Trabajo práctico 2. Análisis cinético de la b -galactosidasa de Escherichia coli: obtención de los parámetros cinéticos Km y Vmax. Análisis de inhibidores competitivos y no competitivos. Efecto del pH sobre los parámetros cinéticos. Análisis de la estabilidad de la enzima a distintas temperaturas. Determinación de la energía de activación. Exposición de resultados en seminarios y preparación de un reporte técnico del estudio cinético.

Trabajo práctico 3. Síntesis de glucógeno en Escherichia coli: preparación de cultivos en distintos medios mínimos con o sin limitación de nitrógeno y distintas fuentes de carbono.

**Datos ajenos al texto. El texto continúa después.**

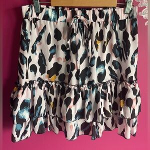 Elevate your wardrobe with this chic multicolor ruffle skirt. Perfect for any occasion, it features a playful design with a comfortable fit. 13” across elastic waist top (has drawstring) - 17” length measurement at side- cotton/polyester material

Análisis del efecto de la limitación de nitrógeno y de la naturaleza de la fuente de carbono sobre el crecimiento. Obtención de glucógeno. Análisis estadístico del contenido de glucógeno en las diferentes condiciones de crecimiento. observación del impacto de la carga energética sobre la acumulación de glucógeno. Exposición de resultados en seminarios y preparación de un reporte técnico del estudio de la síntesis de glucógeno.

Trabajo práctico 4. Transformación de Escherichia coli lac- en lac+. Preparación de células competentes. Preparación de un plásmido conteniendo el gen lacZ por lisis alcalina. Transformación. Selección de clones lac+. Cálculo de la eficiencia de la transformación. Estudio de la regulación de la expresión de lacZ en presencia de IPTG, lactosa o glucosa en las bacterias transformadas y en las lac-. Síntesis de glucógeno a partir de lactosa o glucosa en las bacterias transformadas y en las lac-. Exposición de resultados en seminarios y preparación de un reporte técnico sobre la transformación.